=== PROMPT ===
Once you find the line with "Sorcière suspendue dotée" in the entries below, print it and each line after it up to and including the line with "Bildnummer: Fo-A3246 Mapp: 371", exactly, without pictures.

=== INPUT MATERIAL ===
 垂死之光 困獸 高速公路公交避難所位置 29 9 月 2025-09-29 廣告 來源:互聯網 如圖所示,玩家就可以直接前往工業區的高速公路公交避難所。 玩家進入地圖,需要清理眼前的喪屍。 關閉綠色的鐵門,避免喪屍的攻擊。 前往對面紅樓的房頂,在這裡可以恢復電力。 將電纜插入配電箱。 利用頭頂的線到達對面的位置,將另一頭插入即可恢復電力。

---

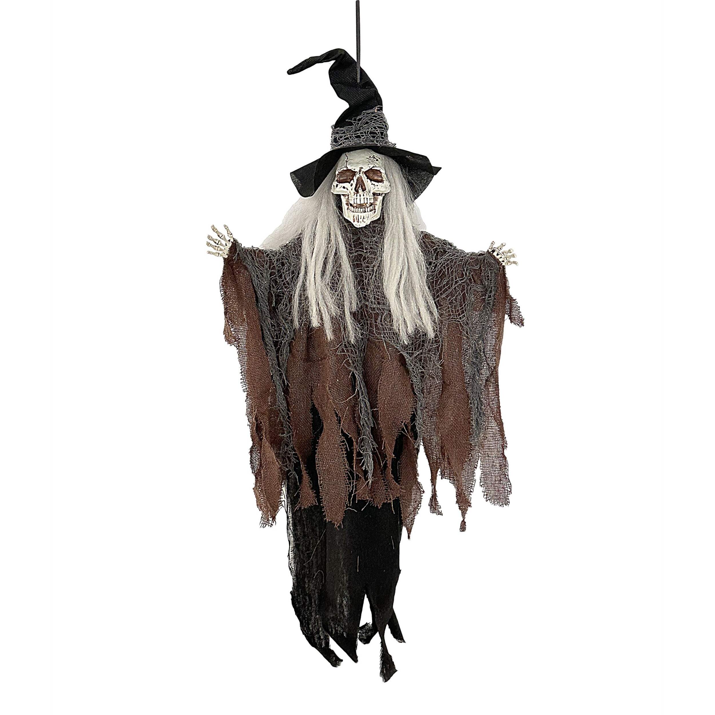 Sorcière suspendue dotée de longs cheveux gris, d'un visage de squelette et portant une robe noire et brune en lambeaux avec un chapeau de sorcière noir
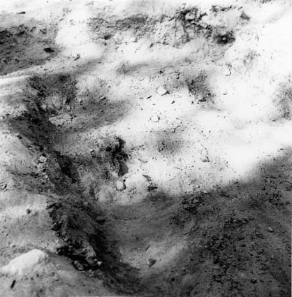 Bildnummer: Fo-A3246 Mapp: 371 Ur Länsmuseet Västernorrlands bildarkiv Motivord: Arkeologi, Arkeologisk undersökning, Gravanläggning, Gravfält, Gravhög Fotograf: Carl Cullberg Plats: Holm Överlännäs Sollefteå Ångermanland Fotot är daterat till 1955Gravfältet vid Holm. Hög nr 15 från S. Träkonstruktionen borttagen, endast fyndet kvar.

=== WRITTEN REPLY ===
 Sorcière suspendue dotée de longs cheveux gris, d'un visage de squelette et portant une robe noire et brune en lambeaux avec un chapeau de sorcière noir
 Bildnummer: Fo-A3246 Mapp: 371 Ur Länsmuseet Västernorrlands bildarkiv Motivord: Arkeologi, Arkeologisk undersökning, Gravanläggning, Gravfält, Gravhög Fotograf: Carl Cullberg Plats: Holm Överlännäs Sollefteå Ångermanland Fotot är daterat till 1955Gravfältet vid Holm. Hög nr 15 från S. Träkonstruktionen borttagen, endast fyndet kvar.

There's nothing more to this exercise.